**EXERCISE DESCRIPTION**
Send back the data below exactly. Drop every picture.

**Collection entries**
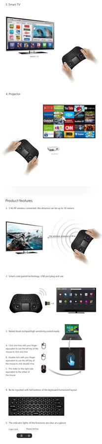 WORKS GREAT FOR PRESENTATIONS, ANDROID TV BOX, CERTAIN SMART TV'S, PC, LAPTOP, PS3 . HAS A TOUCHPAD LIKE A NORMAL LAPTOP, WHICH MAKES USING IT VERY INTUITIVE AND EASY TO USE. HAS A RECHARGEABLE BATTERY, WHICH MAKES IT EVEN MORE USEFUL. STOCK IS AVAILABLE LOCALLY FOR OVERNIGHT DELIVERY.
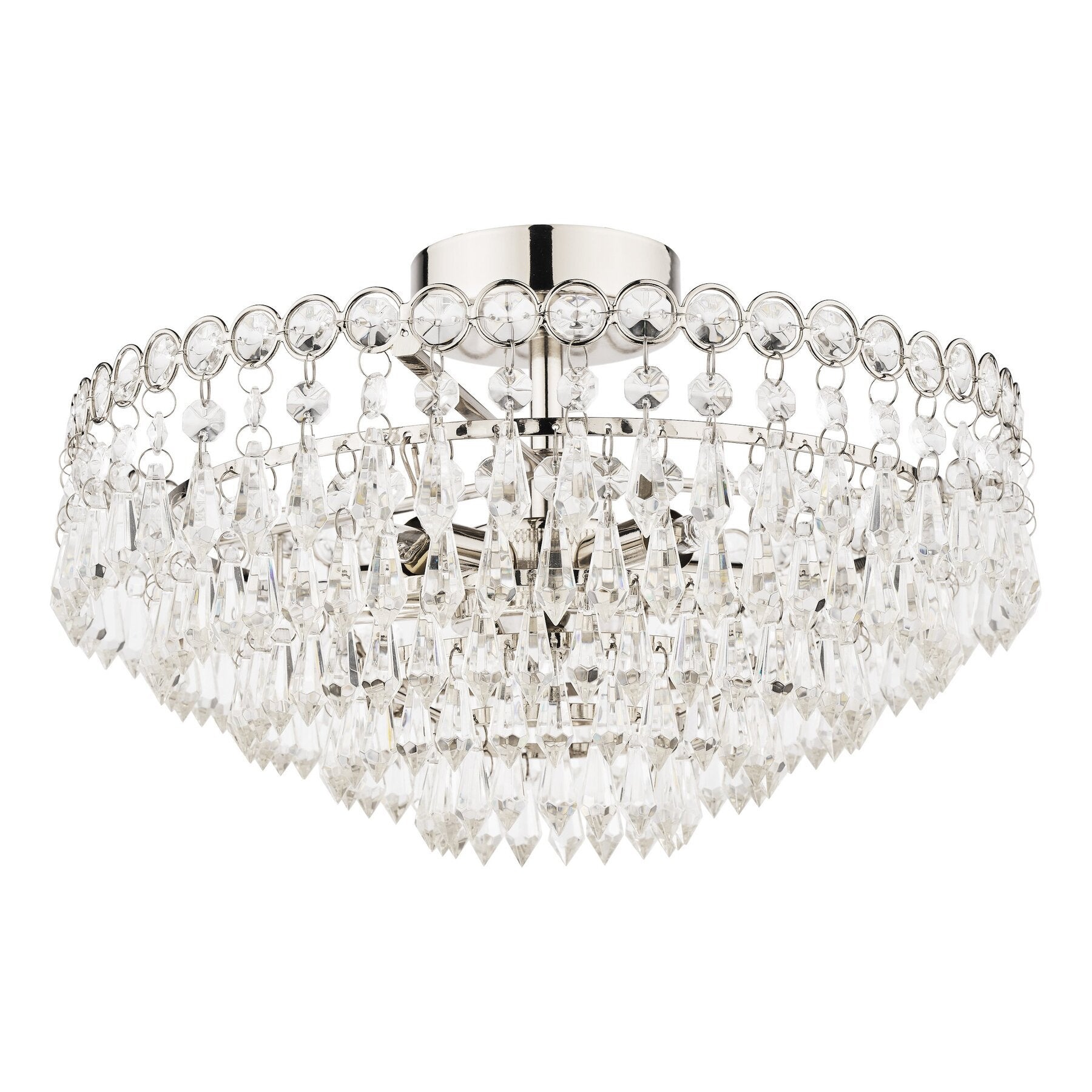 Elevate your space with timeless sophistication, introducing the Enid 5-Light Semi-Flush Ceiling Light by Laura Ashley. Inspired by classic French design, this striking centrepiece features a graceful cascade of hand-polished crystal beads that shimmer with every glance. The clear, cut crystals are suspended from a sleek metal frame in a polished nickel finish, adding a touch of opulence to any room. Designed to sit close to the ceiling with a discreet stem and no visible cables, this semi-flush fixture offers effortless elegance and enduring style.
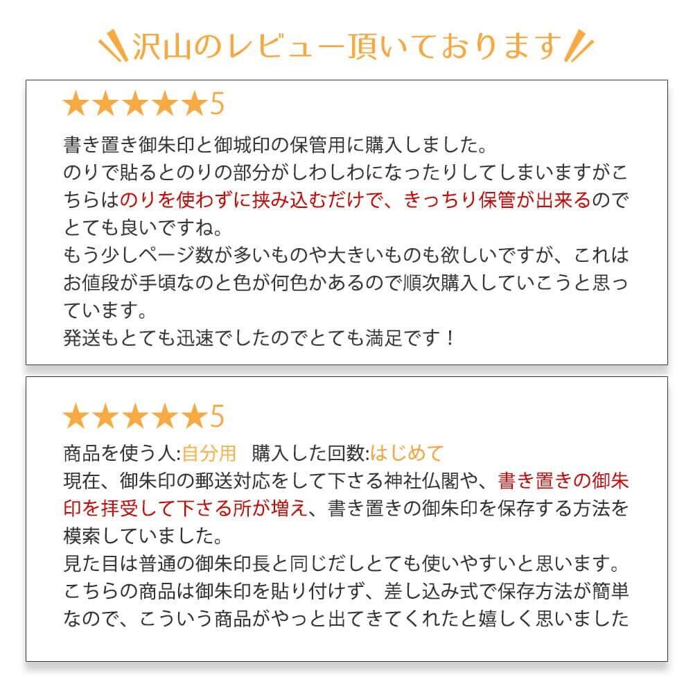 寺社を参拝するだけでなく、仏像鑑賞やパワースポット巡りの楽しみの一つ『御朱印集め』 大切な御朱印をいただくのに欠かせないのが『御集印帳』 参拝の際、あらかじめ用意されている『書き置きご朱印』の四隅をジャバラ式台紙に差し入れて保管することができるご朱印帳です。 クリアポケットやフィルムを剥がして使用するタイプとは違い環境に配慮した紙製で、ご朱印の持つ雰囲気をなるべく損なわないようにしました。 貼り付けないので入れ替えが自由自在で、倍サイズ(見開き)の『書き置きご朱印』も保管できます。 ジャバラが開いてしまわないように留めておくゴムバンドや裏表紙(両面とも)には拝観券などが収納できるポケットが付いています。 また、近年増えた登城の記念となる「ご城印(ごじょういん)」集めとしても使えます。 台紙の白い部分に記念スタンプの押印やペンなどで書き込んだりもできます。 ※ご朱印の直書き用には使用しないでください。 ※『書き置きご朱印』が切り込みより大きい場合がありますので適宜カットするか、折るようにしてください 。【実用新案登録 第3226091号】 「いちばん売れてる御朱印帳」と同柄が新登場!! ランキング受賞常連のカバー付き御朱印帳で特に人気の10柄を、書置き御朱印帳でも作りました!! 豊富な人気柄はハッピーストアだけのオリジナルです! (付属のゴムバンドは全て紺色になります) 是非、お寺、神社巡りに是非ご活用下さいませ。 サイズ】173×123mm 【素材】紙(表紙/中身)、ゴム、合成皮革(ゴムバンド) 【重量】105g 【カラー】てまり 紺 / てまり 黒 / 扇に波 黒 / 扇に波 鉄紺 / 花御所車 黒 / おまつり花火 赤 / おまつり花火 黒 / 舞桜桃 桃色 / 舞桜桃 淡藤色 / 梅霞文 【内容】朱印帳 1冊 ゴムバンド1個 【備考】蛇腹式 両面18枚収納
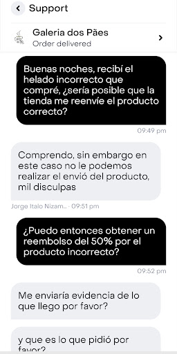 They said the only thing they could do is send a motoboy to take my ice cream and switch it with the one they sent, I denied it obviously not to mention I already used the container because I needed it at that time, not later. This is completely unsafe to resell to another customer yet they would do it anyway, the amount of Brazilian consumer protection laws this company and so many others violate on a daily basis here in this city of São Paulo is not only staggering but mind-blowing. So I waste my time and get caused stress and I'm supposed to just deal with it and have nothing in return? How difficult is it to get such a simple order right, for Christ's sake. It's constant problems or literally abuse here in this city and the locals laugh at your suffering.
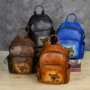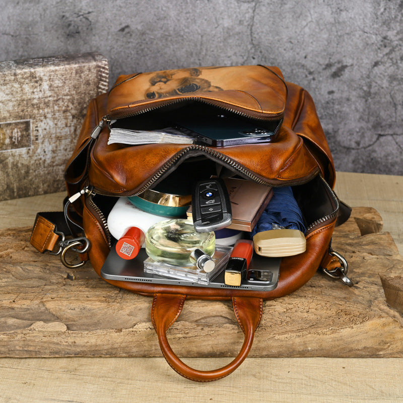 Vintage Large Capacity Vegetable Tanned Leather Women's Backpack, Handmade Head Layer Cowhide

**SOLUTION FOR THIS TASK**
 WORKS GREAT FOR PRESENTATIONS, ANDROID TV BOX, CERTAIN SMART TV'S, PC, LAPTOP, PS3 . HAS A TOUCHPAD LIKE A NORMAL LAPTOP, WHICH MAKES USING IT VERY INTUITIVE AND EASY TO USE. HAS A RECHARGEABLE BATTERY, WHICH MAKES IT EVEN MORE USEFUL. STOCK IS AVAILABLE LOCALLY FOR OVERNIGHT DELIVERY.
 Elevate your space with timeless sophistication, introducing the Enid 5-Light Semi-Flush Ceiling Light by Laura Ashley. Inspired by classic French design, this striking centrepiece features a graceful cascade of hand-polished crystal beads that shimmer with every glance. The clear, cut crystals are suspended from a sleek metal frame in a polished nickel finish, adding a touch of opulence to any room. Designed to sit close to the ceiling with a discreet stem and no visible cables, this semi-flush fixture offers effortless elegance and enduring style.
 寺社を参拝するだけでなく、仏像鑑賞やパワースポット巡りの楽しみの一つ『御朱印集め』 大切な御朱印をいただくのに欠かせないのが『御集印帳』 参拝の際、あらかじめ用意されている『書き置きご朱印』の四隅をジャバラ式台紙に差し入れて保管することができるご朱印帳です。 クリアポケットやフィルムを剥がして使用するタイプとは違い環境に配慮した紙製で、ご朱印の持つ雰囲気をなるべく損なわないようにしました。 貼り付けないので入れ替えが自由自在で、倍サイズ(見開き)の『書き置きご朱印』も保管できます。 ジャバラが開いてしまわないように留めておくゴムバンドや裏表紙(両面とも)には拝観券などが収納できるポケットが付いています。 また、近年増えた登城の記念となる「ご城印(ごじょういん)」集めとしても使えます。 台紙の白い部分に記念スタンプの押印やペンなどで書き込んだりもできます。 ※ご朱印の直書き用には使用しないでください。 ※『書き置きご朱印』が切り込みより大きい場合がありますので適宜カットするか、折るようにしてください 。【実用新案登録 第3226091号】 「いちばん売れてる御朱印帳」と同柄が新登場!! ランキング受賞常連のカバー付き御朱印帳で特に人気の10柄を、書置き御朱印帳でも作りました!! 豊富な人気柄はハッピーストアだけのオリジナルです! (付属のゴムバンドは全て紺色になります) 是非、お寺、神社巡りに是非ご活用下さいませ。 サイズ】173×123mm 【素材】紙(表紙/中身)、ゴム、合成皮革(ゴムバンド) 【重量】105g 【カラー】てまり 紺 / てまり 黒 / 扇に波 黒 / 扇に波 鉄紺 / 花御所車 黒 / おまつり花火 赤 / おまつり花火 黒 / 舞桜桃 桃色 / 舞桜桃 淡藤色 / 梅霞文 【内容】朱印帳 1冊 ゴムバンド1個 【備考】蛇腹式 両面18枚収納
 They said the only thing they could do is send a motoboy to take my ice cream and switch it with the one they sent, I denied it obviously not to mention I already used the container because I needed it at that time, not later. This is completely unsafe to resell to another customer yet they would do it anyway, the amount of Brazilian consumer protection laws this company and so many others violate on a daily basis here in this city of São Paulo is not only staggering but mind-blowing. So I waste my time and get caused stress and I'm supposed to just deal with it and have nothing in return? How difficult is it to get such a simple order right, for Christ's sake. It's constant problems or literally abuse here in this city and the locals laugh at your suffering.
 Vintage Large Capacity Vegetable Tanned Leather Women's Backpack, Handmade Head Layer Cowhide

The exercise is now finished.